* TASK STATEMENT
Locate the line bearing "嘉義台82線發生砂石車、重機" in the material below, then reproduce it and each following line up to and including the line bearing "мужской свитер, свитер".

* MATERIAL FOR THE TASK
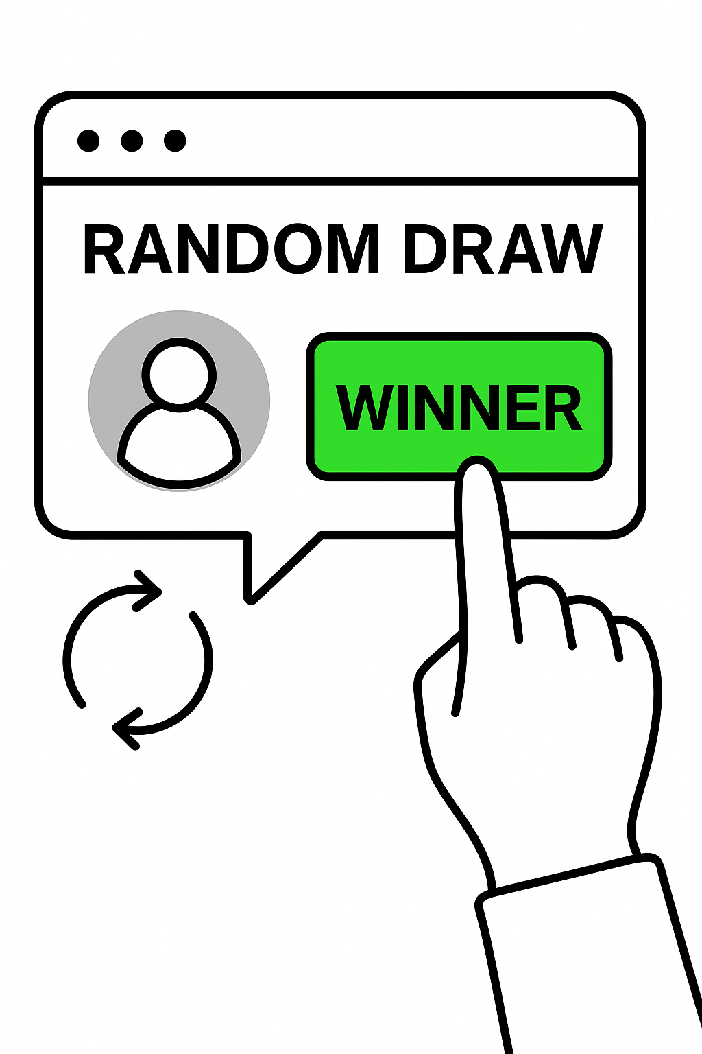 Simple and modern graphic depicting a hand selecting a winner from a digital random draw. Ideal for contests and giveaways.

==

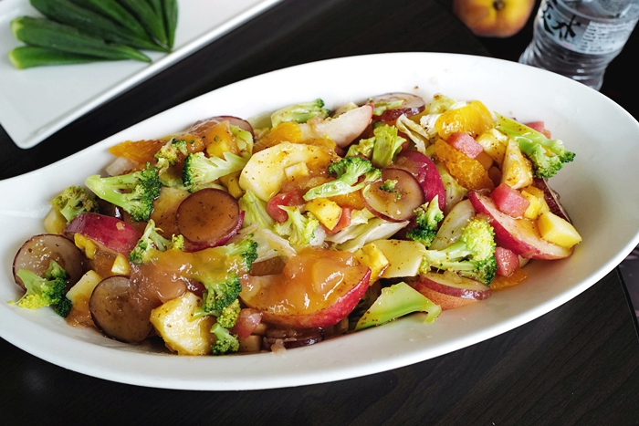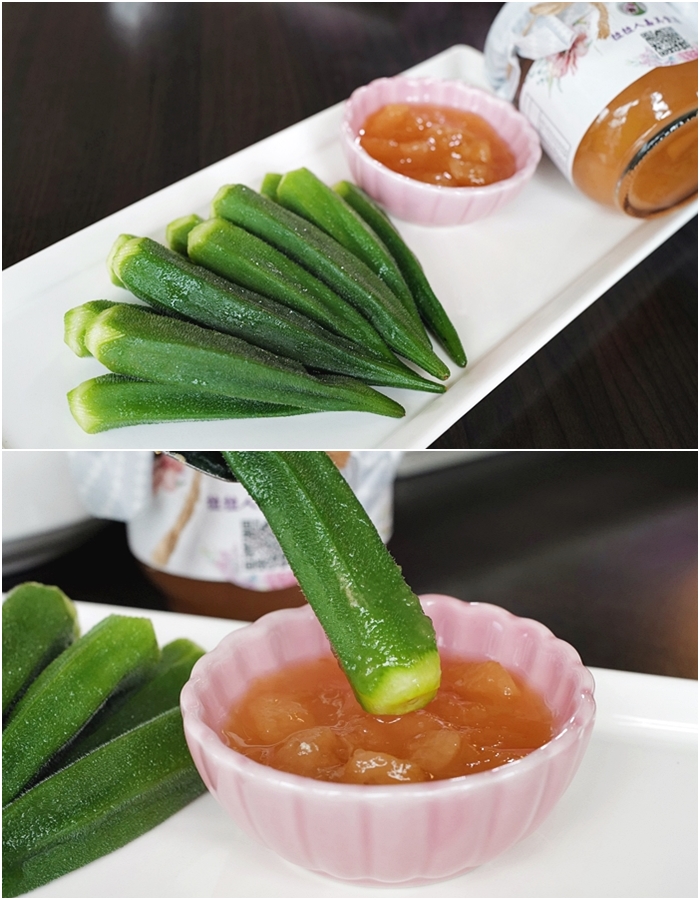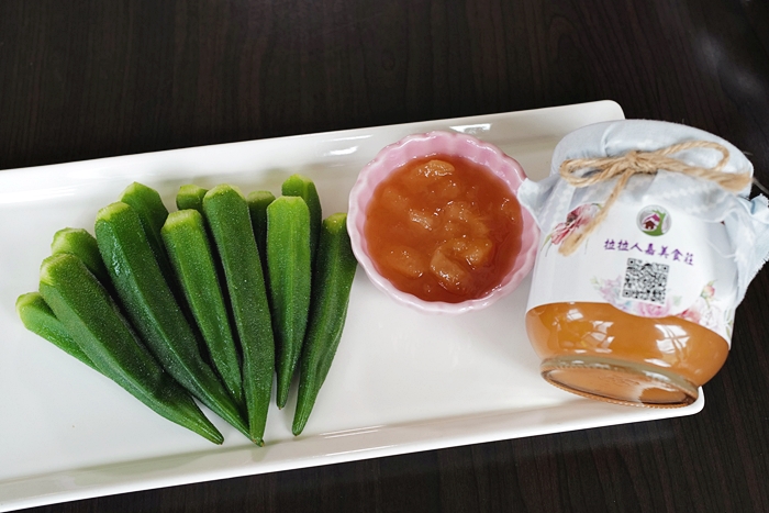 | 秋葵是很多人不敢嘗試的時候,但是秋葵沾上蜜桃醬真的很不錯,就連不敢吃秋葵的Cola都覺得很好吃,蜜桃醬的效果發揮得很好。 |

---

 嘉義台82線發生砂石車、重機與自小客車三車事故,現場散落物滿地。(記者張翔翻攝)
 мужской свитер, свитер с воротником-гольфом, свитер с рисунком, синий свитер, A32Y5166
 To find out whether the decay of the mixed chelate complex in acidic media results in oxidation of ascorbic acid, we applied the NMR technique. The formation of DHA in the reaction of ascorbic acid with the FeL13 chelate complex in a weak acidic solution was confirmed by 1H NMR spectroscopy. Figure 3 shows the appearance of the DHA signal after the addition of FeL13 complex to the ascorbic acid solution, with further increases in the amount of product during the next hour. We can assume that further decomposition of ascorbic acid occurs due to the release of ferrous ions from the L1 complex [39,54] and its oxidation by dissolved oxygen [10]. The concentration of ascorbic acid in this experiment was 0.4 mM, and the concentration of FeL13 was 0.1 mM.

* RESULT OF THIS TASK
 嘉義台82線發生砂石車、重機與自小客車三車事故,現場散落物滿地。(記者張翔翻攝)
 мужской свитер, свитер с воротником-гольфом, свитер с рисунком, синий свитер, A32Y5166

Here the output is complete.